* What you need to do *
What is needed is the exact text of each line in the listing below from the one with "永远看见名东都在排队!好不容" up to and including the one with "- Optifine installiert", and no pictures.

* Data shown *
⟨

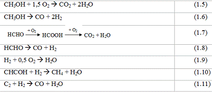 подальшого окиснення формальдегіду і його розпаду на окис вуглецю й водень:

⟩
⟨

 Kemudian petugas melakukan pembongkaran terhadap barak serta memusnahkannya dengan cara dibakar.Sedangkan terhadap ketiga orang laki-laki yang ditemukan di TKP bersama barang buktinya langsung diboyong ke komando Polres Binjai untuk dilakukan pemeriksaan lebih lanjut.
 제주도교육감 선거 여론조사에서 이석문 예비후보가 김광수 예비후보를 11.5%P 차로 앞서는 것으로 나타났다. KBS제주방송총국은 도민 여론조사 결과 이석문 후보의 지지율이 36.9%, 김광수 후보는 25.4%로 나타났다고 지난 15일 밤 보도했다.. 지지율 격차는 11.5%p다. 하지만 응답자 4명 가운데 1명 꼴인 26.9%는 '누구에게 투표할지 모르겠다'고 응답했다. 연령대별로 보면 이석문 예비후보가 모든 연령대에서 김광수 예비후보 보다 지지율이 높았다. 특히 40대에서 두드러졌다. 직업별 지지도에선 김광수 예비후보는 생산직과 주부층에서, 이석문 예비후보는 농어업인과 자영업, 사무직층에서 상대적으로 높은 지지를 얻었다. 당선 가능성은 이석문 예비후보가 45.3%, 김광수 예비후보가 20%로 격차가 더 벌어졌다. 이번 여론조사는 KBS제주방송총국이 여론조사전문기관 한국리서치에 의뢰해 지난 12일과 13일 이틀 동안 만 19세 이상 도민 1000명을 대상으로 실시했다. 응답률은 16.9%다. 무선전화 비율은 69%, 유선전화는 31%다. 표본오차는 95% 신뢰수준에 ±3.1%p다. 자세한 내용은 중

⟩
⟨

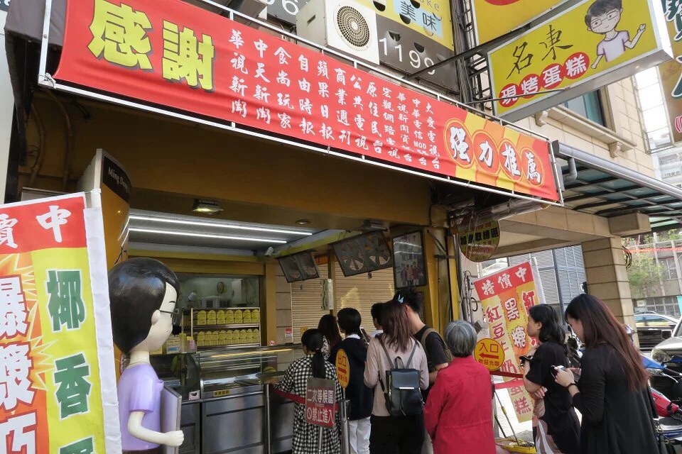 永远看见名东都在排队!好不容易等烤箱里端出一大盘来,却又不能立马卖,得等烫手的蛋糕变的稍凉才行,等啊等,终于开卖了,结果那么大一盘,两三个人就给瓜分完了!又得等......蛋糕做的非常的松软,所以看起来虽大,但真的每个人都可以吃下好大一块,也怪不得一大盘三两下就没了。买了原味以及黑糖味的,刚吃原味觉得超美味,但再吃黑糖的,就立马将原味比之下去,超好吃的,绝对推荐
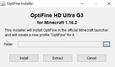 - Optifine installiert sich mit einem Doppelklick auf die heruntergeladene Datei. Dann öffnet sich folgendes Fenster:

⟩

* Result for this task *
 永远看见名东都在排队!好不容易等烤箱里端出一大盘来,却又不能立马卖,得等烫手的蛋糕变的稍凉才行,等啊等,终于开卖了,结果那么大一盘,两三个人就给瓜分完了!又得等......蛋糕做的非常的松软,所以看起来虽大,但真的每个人都可以吃下好大一块,也怪不得一大盘三两下就没了。买了原味以及黑糖味的,刚吃原味觉得超美味,但再吃黑糖的,就立马将原味比之下去,超好吃的,绝对推荐
 - Optifine installiert sich mit einem Doppelklick auf die heruntergeladene Datei. Dann öffnet sich folgendes Fenster:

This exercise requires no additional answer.